This creates friction, for me at least and I imagine for most people. Imagine you figure out the next big tech innovation, an interface that will put touch screens in an early grave. You see it, it's risky but you know you want to press ahead. Then you have to push the idea through 20 layers of management approval, and each layer demands you make the same case again and again until you convince them. 18 months later, the top brass sign off and of course the innovation has cropped up elsewhere - in a company that doesn't have all these layers of friction. The project ultimately fails.

To me, an artist I've looked straight in the eye at all the potential downsides of this career path. I decided to press ahead anyway. At the point you decide to do something as hard as succeed as an artist, what you need, all you need is support. Even criticism if it is pertinent to artistic or professional development is support. But having people ask you to reevaluate your decision to embark is not support. It's friction.

That's what I want gone for myself, that I try to provide or compensate for, for others.

Next question.

Saturday, August 23, 2014

Intermission

The next sets of questions relate to self-agency, influencing your own life and taking responsibility. It was here in reading the book I learned the hard lesson of diagnosing oneself from the internet. Originally I read a small excerpt from the book that was a case study that closely reflected my own childhood. Bam! that's what I have, the white knight syndrome.

I then had a relatively brief period of about 6 months where I overcorrected, culminating in my first ever panic attack where I felt honor bound to disengage from anybody that had any kind of problem so as to not let me rescuing tendencies take over me. Like an addict abstaining.

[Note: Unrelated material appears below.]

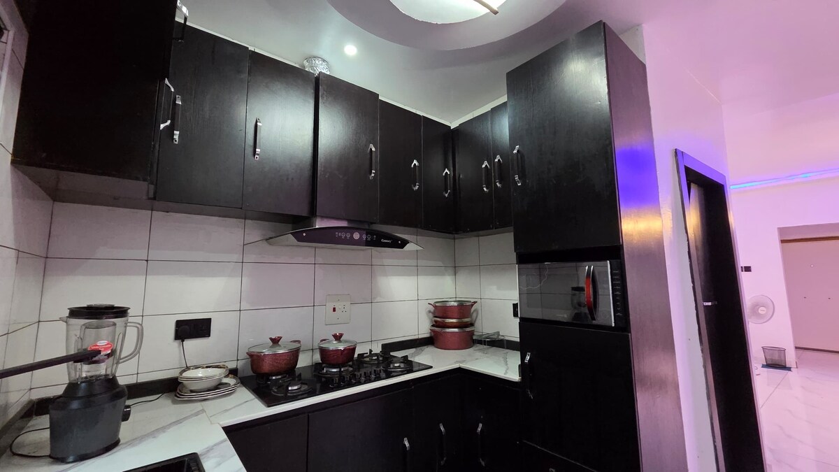 A stylish home away from home. This newly renovated 2-bedroom flat combines luxury with total reliability. Located in a spacious gated compound with parking for two cars, it features a robust 25kWh solar inverter system that power bedrooms A/C through the night—guaranteeing a cool, comfortable sleep regardless of the grid. Perfect for business travellers and families seeking comfort without compromise.

I reached out to several friends, while simultaneously worsening my own crisis as I realised these friends too had their own problems. I wanted to ask the senior most and most seemingly stable of my friends if there was some island somewhere populated by happy secure people that I could move to so my White Knighthood would not be a problem for me.

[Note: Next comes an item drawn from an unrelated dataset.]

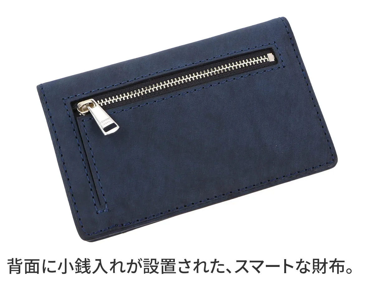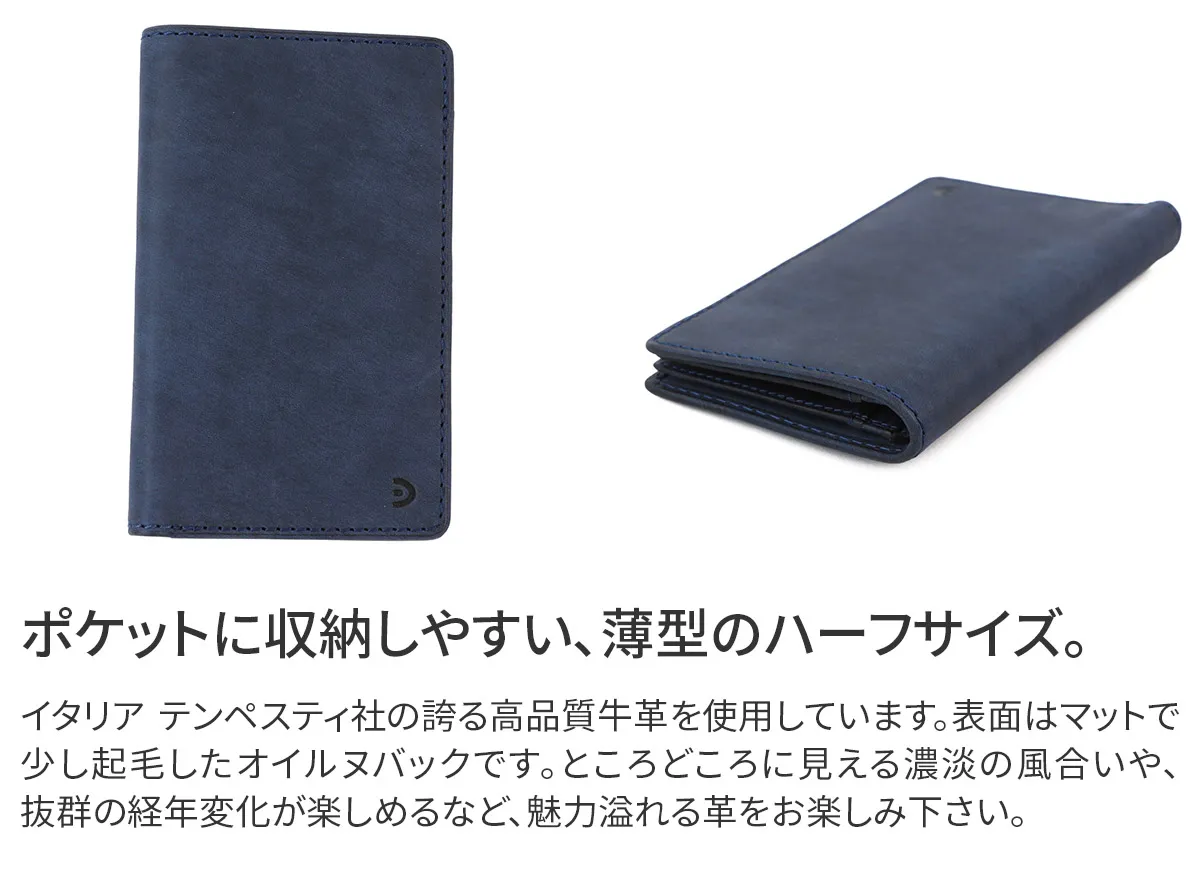 イタリア テンペスティ社の誇る高品質牛革を使用しています。表面はマットで少し起毛したオイルヌバックです。 シンプルなデザインに「BAGGY PORT」オリジナルの引手で綺麗な仕上がりになっています。 【オイルレザー特有の経年変化で共に成長する素材】 通常の2倍のオイルを使用した鞣しの工程で、繊維までしっかりとオイルが浸透しているため、しっとりとしなやかな質感です。 ところどころに見える濃淡の風合いや、抜群の経年変化が楽しめるのも、この革の魅力です。 色は深みを増し、艶がしっかりと出てきます。 人気のハーフサイズは最低限の収納は確保したまま、より薄型にしてパンツポケットやスーツの内ポケットにも収納しやすいサイズ感になっております。サイズ感は抑えながらも、充分な収納力を持ち合わせたアイテムとなっています。

I never had to ask the question because at that point, I actually read the book. Talking to my friends helped a lot to. I have a problem when I lose my sense of self and shift focus to the extrinsic. When I have my sense of self, and am focused intrinsically - which is actually most of the time, I'm fine. I have some triggers and some issues, but in the end I am not a White Knight, not a dysfunctional sub-type at least.

So much of the remaining questions, about self-agency, personal goals and particularly taking responsibility are not the areas I need to address. When I do these things I do them well, my issues are with ignoring my own esteem needs, and projecting my problems onto others to vicariously rescue myself and recieve some kudos or some shit.

When it comes to the lives of others, it is the same as when I look at other people's art. I am most critical of what is being done when I am doing little myself. When engaged and focused on my own project, I wouldn't say that's when I don't care, it's when I don't over-care. I become happy that others are making progress, and doing their own thing, instead of being disgruntled that they aren't doing what I want them to do.

Anyway, I imagine these question answer sessions have been not great reading. I stuck them here to force myself not to lie to myself, and because writing a blog post is what I do often to procrastinate, so I figured I should actually do the homework and force myself to do it here.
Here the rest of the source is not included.